**PROBLEM REQUIREMENTS**
All records must be quoted exactly. Omit the pictures.
━━━━━ RECORD EXCERPTS ━━━━━
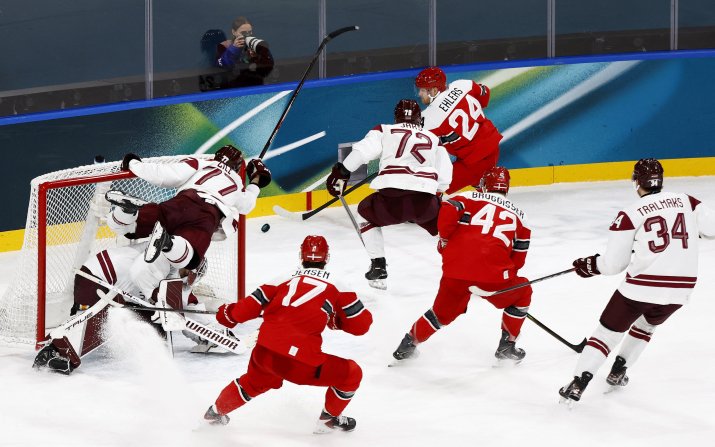 Într-un alt duel important, Danemarca a obținut victoria în fața Letoniei, scor 4-2 (3-1, 0-1, 1-0). Olesen a deschis scorul după doar 23 de secunde trecute de la primul face-off al meciului. Aagaard în superioritate numerică și Ehlers au dus scorul la 3-0, dar letonii au punctat și ei pe final de repriză prin Zile. În partea a doua, Tralmaks a înscris pentru Letonia și danezii mai aveau un singur gol avans. Balticii au luat cu asalt poarta daneză, dar nu au găsit drumul spre gol, iar Olesen a liniștit definitiv apele după ce a marcat în poarta goală pentru 4-2. Danezii au obținut astfel primul succes la această ediție a Jocurilor Olimpice, într-un meci în care au gestionat mai bine finalul și au profitat de erorile adversarilor.
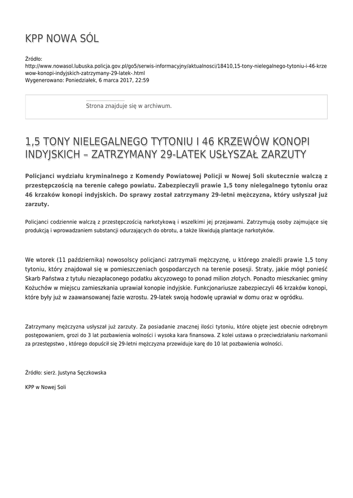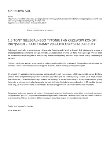KPP NOWA SÓL Źródło: http://www.nowasol.lubuska.policja.gov.pl/go5/serwis-informacyjny/aktualnosci/18410,15-tony-nielegalnego-tytoniu-i-46-krze wow-konopi-indyjskich-zatrzymany-29-latek-.html Wygenerowano: Poniedziałek, 6 marca 2017, 22:59 Strona znajduje się w archiwum. 1,5 TONY NIELEGALNEGO TYTONIU I 46 KRZEWÓW KONOPI INDYJSKICH – ZATRZYMANY 29-LATEK USŁYSZAŁ ZARZUTY Policjanci wydziału kryminalnego z Komendy Powiatowej Policji w Nowej Soli skutecznie walczą z przestępczością na terenie całego powiatu. Zabezpieczyli prawie 1,5 tony nielegalnego tytoniu oraz 46 krzaków konopi indyjskich. Do sprawy został zatrzymany 29-letni mężczyzna, który usłyszał już zarzuty. Policjanci codziennie walczą z przestępczością narkotykową i wszelkimi jej przejawami. Zatrzymują osoby zajmujące się produkcją i wprowadzaniem substancji odurzających do obrotu, a także likwidują plantacje narkotyków. We wtorek (11 października) nowosolscy policjanci zatrzymali mężczyznę, u którego znaleźli prawie 1,5 tony tytoniu, który znajdował się w pomieszczeniach gospodarczych na terenie posesji. Straty, jakie mógł ponieść Skarb Państwa z tytułu niezapłaconego podatku akcyzowego to ponad milion złotych. Ponadto mieszkaniec gminy Kożuchów w miejscu zamieszkania uprawiał konopie indyjskie. Funkcjonariusze zabezpieczyli 46 krzaków konopi, które były już w zaawansowanej fazie wzrostu. 29-latek swoją hodowlę uprawiał w domu oraz w ogródku. Zatrzymany mężczyzna usłyszał już zarzuty. Za posiadanie znacznej ilości tytoniu, które objęte jest obecnie odrębnym postępowaniem, grozi do 3 lat pozbawienia wolności i wysoka kara finansowa. Z kolei ustawa o przeciwdziałaniu narkomanii za przestępstwo , którego dopuścił się 29-letni mężczyzna przewiduje karę do 10 lat pozbawienia wolności. Źródło: sierż. Justyna Sęczkowska KPP w Nowej Soli Zainstaluj wtyczkę Flash, aby zobaczyć odtwarzacz. pobierz film - 7.22 MB Ocena: 0/5 (0) Tweetnij
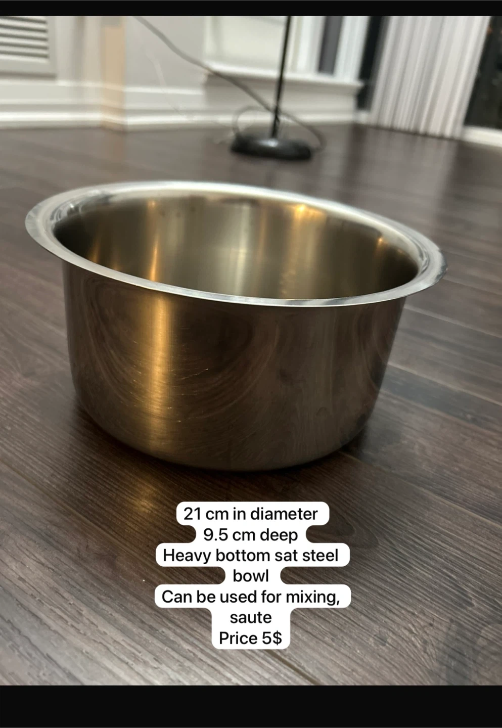 Stainless steel bowl with a heavy bottom, perfect for mixing or sauteing! It's 21 cm in diameter and 9.5 cm deep.
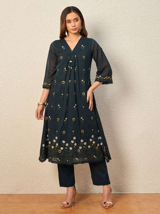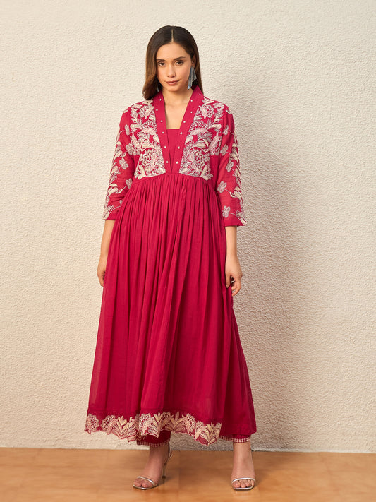 Women Floral Embroidered Empire Thread Work Kurta with Trousers & With Dupatta
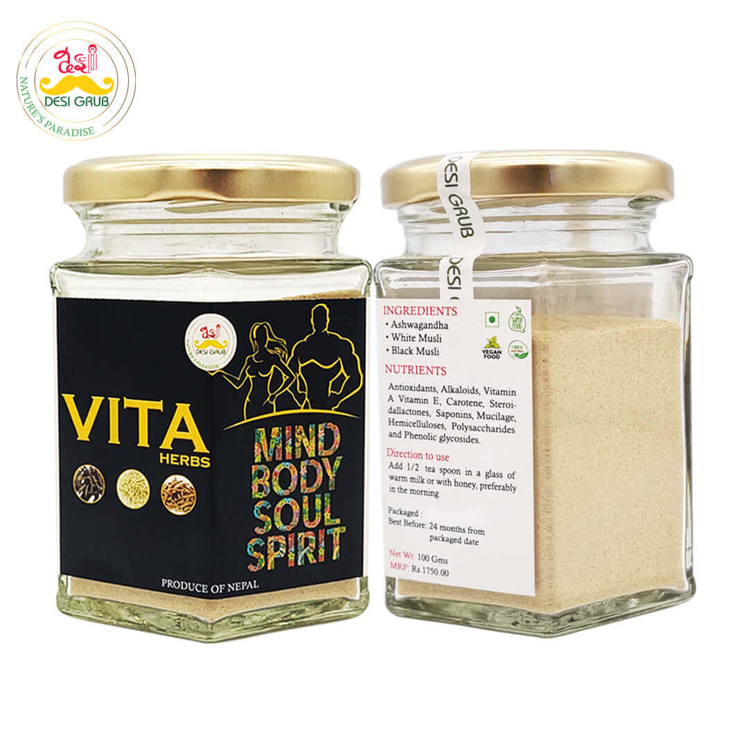 - Alternatively, take ½ teaspoon of Vita Herbs, mix it with ½ teaspoon of Desi Grub Raw White Honey, mix until a paste is formed, and then consume.
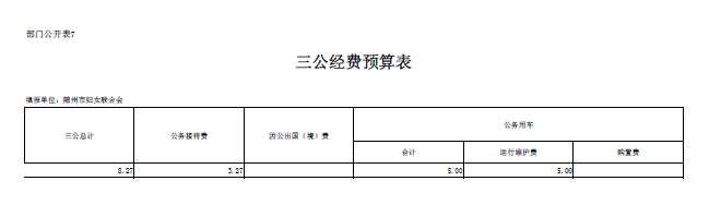 公務接待費3.27萬元,比上年0.88萬元增加2.39萬元,較上年增加260.23%;主要原因為2018年要籌備召開市第四次婦女代表大會,選舉省婦代會代表及開展各項婦女兒童工作需要發生支出。2018年婦聯無公務車購置費0萬元,與上年對比無增減。2018年公務用車運行維護費5萬元,比上年3.55萬元增加1.45萬元,同比增加40.85%,主要原因:市婦聯機關在從嚴執行中央八項規定,省委六條意見和市委實施細則的情況下,2018年要組織省婦代會代表選舉、考核、參會等活動,增加了各項推進婦女發展工作的活動,所以增加了費用。
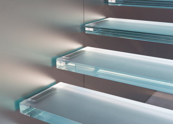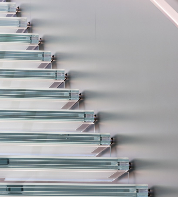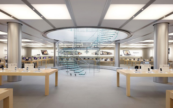 Nẳm ở trung tâm cửa hàng, cầu thang này bao quanh một cột trụ lớn với nguồn sáng được chiếu thẳng từ trên xuống tạo ra hiệu ứng thú vị. Không gian của cửa hàng này rất mở và thoáng đãng. Apple còn khéo léo xây dựng nhiều ban công hành lang ở tầng trên để khách tới thăm có thể nhìn toàn cảnh thiết kế cửa hàng. Phần lan can của ban công được nhấn nhá bằng chất liệu sắt, có vẻ khá đối lập với chất liệu kính của cầu thang và màu trắng chủ đạo của cửa hàng.
━━━━━
**REPLY TO THE EXERCISE**
 Într-un alt duel important, Danemarca a obținut victoria în fața Letoniei, scor 4-2 (3-1, 0-1, 1-0). Olesen a deschis scorul după doar 23 de secunde trecute de la primul face-off al meciului. Aagaard în superioritate numerică și Ehlers au dus scorul la 3-0, dar letonii au punctat și ei pe final de repriză prin Zile. În partea a doua, Tralmaks a înscris pentru Letonia și danezii mai aveau un singur gol avans. Balticii au luat cu asalt poarta daneză, dar nu au găsit drumul spre gol, iar Olesen a liniștit definitiv apele după ce a marcat în poarta goală pentru 4-2. Danezii au obținut astfel primul succes la această ediție a Jocurilor Olimpice, într-un meci în care au gestionat mai bine finalul și au profitat de erorile adversarilor.
KPP NOWA SÓL Źródło: http://www.nowasol.lubuska.policja.gov.pl/go5/serwis-informacyjny/aktualnosci/18410,15-tony-nielegalnego-tytoniu-i-46-krze wow-konopi-indyjskich-zatrzymany-29-latek-.html Wygenerowano: Poniedziałek, 6 marca 2017, 22:59 Strona znajduje się w archiwum. 1,5 TONY NIELEGALNEGO TYTONIU I 46 KRZEWÓW KONOPI INDYJSKICH – ZATRZYMANY 29-LATEK USŁYSZAŁ ZARZUTY Policjanci wydziału kryminalnego z Komendy Powiatowej Policji w Nowej Soli skutecznie walczą z przestępczością na terenie całego powiatu. Zabezpieczyli prawie 1,5 tony nielegalnego tytoniu oraz 46 krzaków konopi indyjskich. Do sprawy został zatrzymany 29-letni mężczyzna, który usłyszał już zarzuty. Policjanci codziennie walczą z przestępczością narkotykową i wszelkimi jej przejawami. Zatrzymują osoby zajmujące się produkcją i wprowadzaniem substancji odurzających do obrotu, a także likwidują plantacje narkotyków. We wtorek (11 października) nowosolscy policjanci zatrzymali mężczyznę, u którego znaleźli prawie 1,5 tony tytoniu, który znajdował się w pomieszczeniach gospodarczych na terenie posesji. Straty, jakie mógł ponieść Skarb Państwa z tytułu niezapłaconego podatku akcyzowego to ponad milion złotych. Ponadto mieszkaniec gminy Kożuchów w miejscu zamieszkania uprawiał konopie indyjskie. Funkcjonariusze zabezpieczyli 46 krzaków konopi, które były już w zaawansowanej fazie wzrostu. 29-latek swoją hodowlę uprawiał w domu oraz w ogródku. Zatrzymany mężczyzna usłyszał już zarzuty. Za posiadanie znacznej ilości tytoniu, które objęte jest obecnie odrębnym postępowaniem, grozi do 3 lat pozbawienia wolności i wysoka kara finansowa. Z kolei ustawa o przeciwdziałaniu narkomanii za przestępstwo , którego dopuścił się 29-letni mężczyzna przewiduje karę do 10 lat pozbawienia wolności. Źródło: sierż. Justyna Sęczkowska KPP w Nowej Soli Zainstaluj wtyczkę Flash, aby zobaczyć odtwarzacz. pobierz film - 7.22 MB Ocena: 0/5 (0) Tweetnij
 Stainless steel bowl with a heavy bottom, perfect for mixing or sauteing! It's 21 cm in diameter and 9.5 cm deep.
 Women Floral Embroidered Empire Thread Work Kurta with Trousers & With Dupatta
 - Alternatively, take ½ teaspoon of Vita Herbs, mix it with ½ teaspoon of Desi Grub Raw White Honey, mix until a paste is formed, and then consume.
 公務接待費3.27萬元,比上年0.88萬元增加2.39萬元,較上年增加260.23%;主要原因為2018年要籌備召開市第四次婦女代表大會,選舉省婦代會代表及開展各項婦女兒童工作需要發生支出。2018年婦聯無公務車購置費0萬元,與上年對比無增減。2018年公務用車運行維護費5萬元,比上年3.55萬元增加1.45萬元,同比增加40.85%,主要原因:市婦聯機關在從嚴執行中央八項規定,省委六條意見和市委實施細則的情況下,2018年要組織省婦代會代表選舉、考核、參會等活動,增加了各項推進婦女發展工作的活動,所以增加了費用。
 Nẳm ở trung tâm cửa hàng, cầu thang này bao quanh một cột trụ lớn với nguồn sáng được chiếu thẳng từ trên xuống tạo ra hiệu ứng thú vị. Không gian của cửa hàng này rất mở và thoáng đãng. Apple còn khéo léo xây dựng nhiều ban công hành lang ở tầng trên để khách tới thăm có thể nhìn toàn cảnh thiết kế cửa hàng. Phần lan can của ban công được nhấn nhá bằng chất liệu sắt, có vẻ khá đối lập với chất liệu kính của cầu thang và màu trắng chủ đạo của cửa hàng.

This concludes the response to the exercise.